The problem of soil salinity poses a considerable obstacle to the processes of seed germination, seedling development, and crop output. Tritipyrum, an interspecific hybrid derived from the cross between T. aestivum and Th. elongatum, assumes a pivotal function in the integration of genes associated with salt tolerance into wheat [66, 67]. The enhancement of plant salt tolerance generally revolves on the activation of stress-responsive genes, which in turn generate proteins that aid in the restoration of salt-induced primary and secondary stress. Transcription factors (TFs) possess the unique capability to control a cluster of downstream target genes, hence influencing several physiological and biochemical processes in reaction to salt stress [43, 68]. This work encompasses a thorough examination of the NAC family in Tritipyrum through the application of bioinformatics methodologies, including as phylogenetic, motif, and correlation studies. In our investigation of Tritipyrum's transcriptome response to salt stress, we employed RNA-Seq technology to discern the involvement of NAC transcription factors (TFs) in the plant's reaction to salt stress.

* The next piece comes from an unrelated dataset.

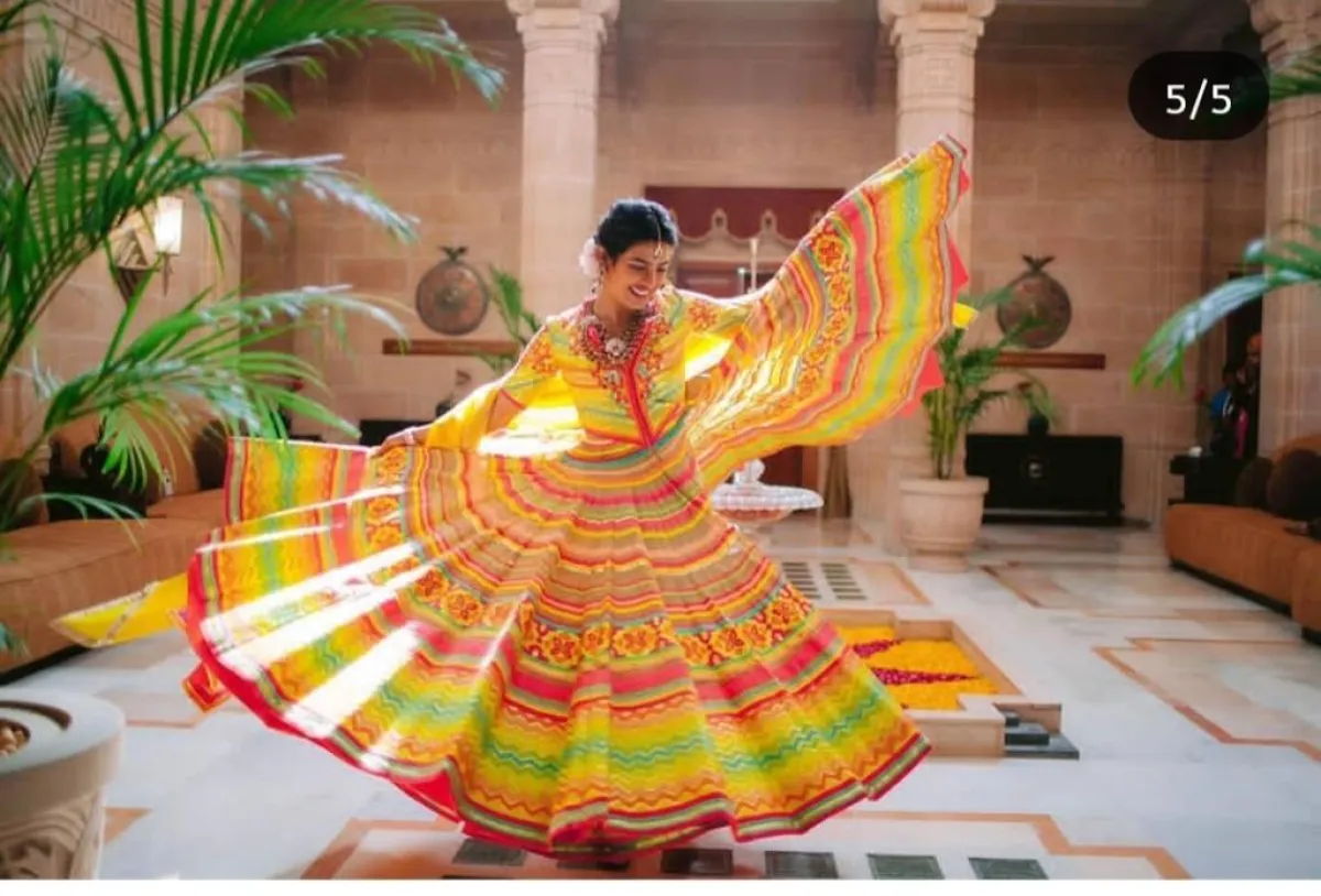 وتألقت النجمة بثوب هندي تقليدي ارتدته خلال مراسم زفافها التقليدية طغى عليه اللوم الأصفر والأحمر والأخضر وبدا محتشماً بينما ارتدى زوجها بدلة هندية الطراز باللون البيج .

In this study, we utilized the Arabidopsis salt stress-related genes AtNAC019, AtNAC055, and AtNAC072 as reference genes to identify the TtNAC477 gene. Furthermore, we investigated the expression levels of TtNAC477 under both salt stress and the subsequent recovery period. Given the complex nature of plants' response to salt stress, it is imperative to ascertain the potential interactions between transcription factors (TFs), as well as their interactions with other proteins and downstream target genes. Additional investigation is required to comprehensively comprehend the potential and role of the TtNAC transcription factors (TFs) in salt tolerance, as their functional characteristics have not been assessed in a transgenic context. The production of salt-tolerant crops may be facilitated via the identification and application of TF candidate genes related with salt tolerance on a large scale, as well as the continuous improvement of our comprehension about the underlying processes of salt tolerance. This can be achieved through the utilization of genetic engineering techniques.

Conclusions

The Tritipyrum NAC gene family was examined comprehensively in this investigation. The motif compositions of 732 full-length NAC genes show remarkable similarity within the same groups and subgroups. Phylogenetic and synteny analyses were conducted on the NAC genes from multiple plant species to shed light on their evolutionary characteristics in Tritipyrum. Based on their expression patterns in various tissues and their response to salt stress and recovery interventions, a total of sixty-eight TtNAC genes were found to play a crucial role in Tritipyrum's salt stress response. In addition, TtNAC477 has the potential to serve as a target gene for enhancing wheat salinity tolerance through biotechnology or molecular breeding. These findings provide valuable insights into the biological functions of specific NAC genes in Tritipyrum.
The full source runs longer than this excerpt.